* **YOUR ASSIGNMENT**:
Drop every picture. Then return, exactly, the lines from the beginning of the listing below through the one containing "Гарнитур из акрила".

** Opening PROVIDED DATA block **

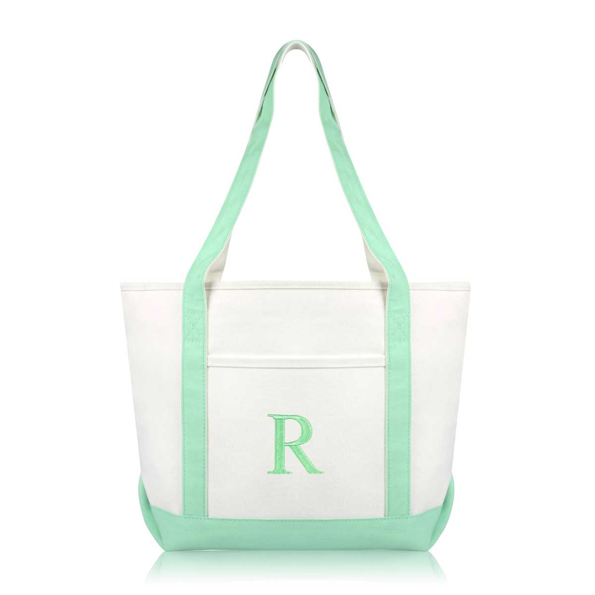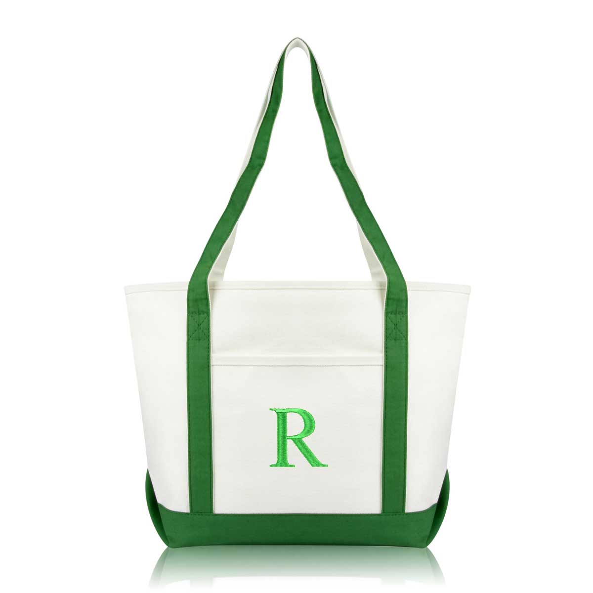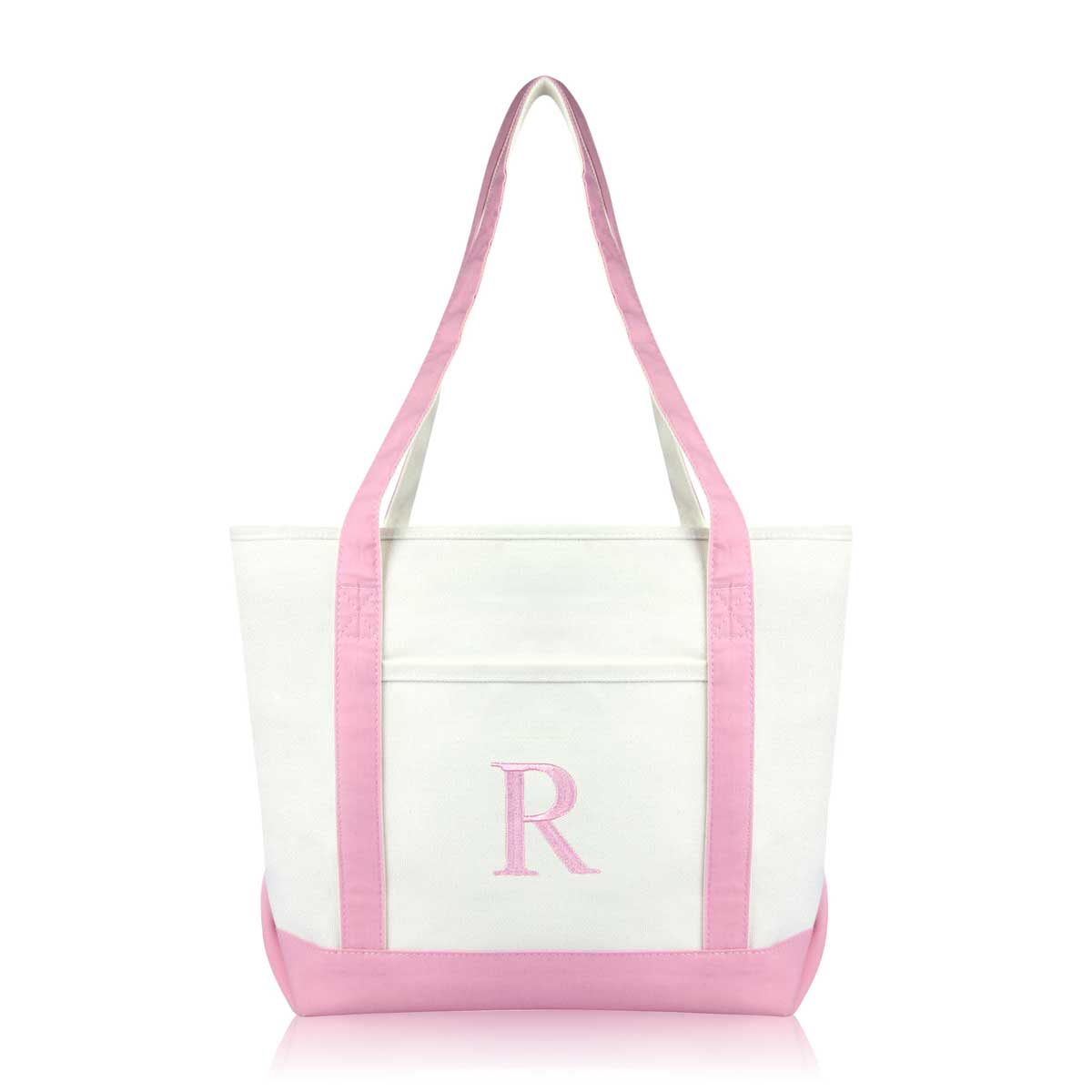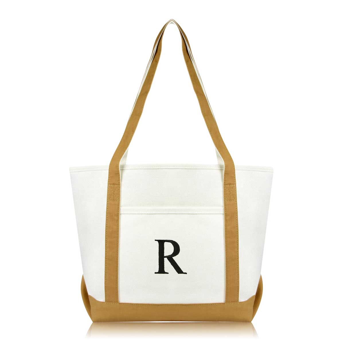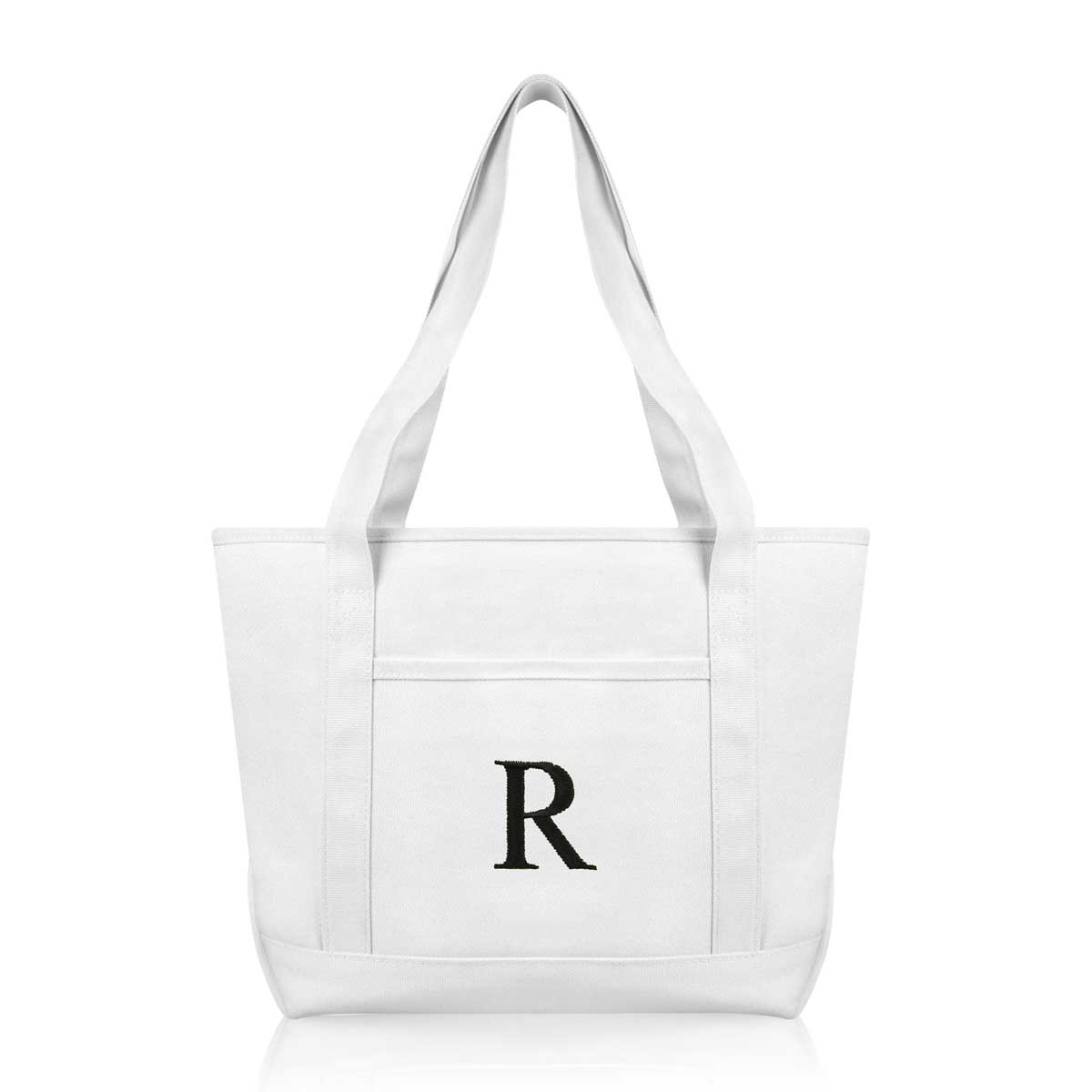 DALIX Initial Letter R custom embroidered tote bags feature heavy duty cotton canvas and a lovely design. Every bag is stitched with care, allowing you to express your initial, and sure to impress. Made for women fitting any occasion, this shoulder bag is generous in sizing and includes a front pocket, zippered top, keychain holder, and inner zippered pocket.
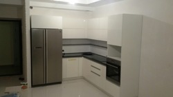 Гарнитур из акрила с местом для холодильника. Черная глянцевая столешница.
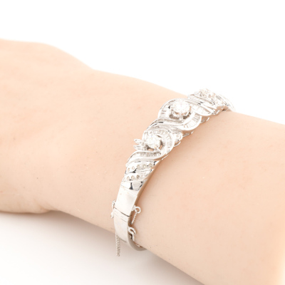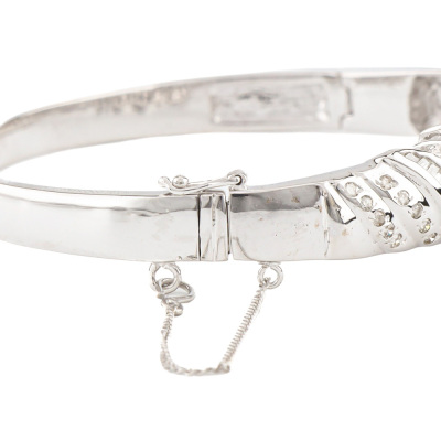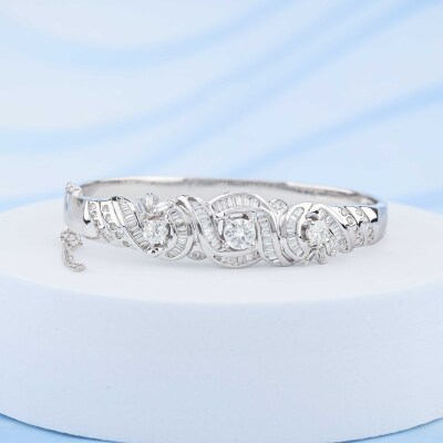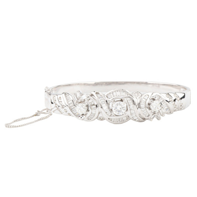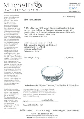 Diamond bangle with three top round Natural Diamonds totalling approximately 1.10ct and remaining baguette cut & round Natural Diamonds totalling approximately 2.65ct (Estimated grading: H-I VS-SI). 17ct white gold as XRF tested, no stamps, with safety chain. Circumference: approximately 14.5cm - small to petite size. Width: 4.5mm - 6.7mm. Weight: 24.4g. With Valuation Certificate #420805. (Pre-owned)

** Closing PROVIDED DATA block **

* **YOUR RESPONSE**:
 DALIX Initial Letter R custom embroidered tote bags feature heavy duty cotton canvas and a lovely design. Every bag is stitched with care, allowing you to express your initial, and sure to impress. Made for women fitting any occasion, this shoulder bag is generous in sizing and includes a front pocket, zippered top, keychain holder, and inner zippered pocket.
 Гарнитур из акрила с местом для холодильника. Черная глянцевая столешница.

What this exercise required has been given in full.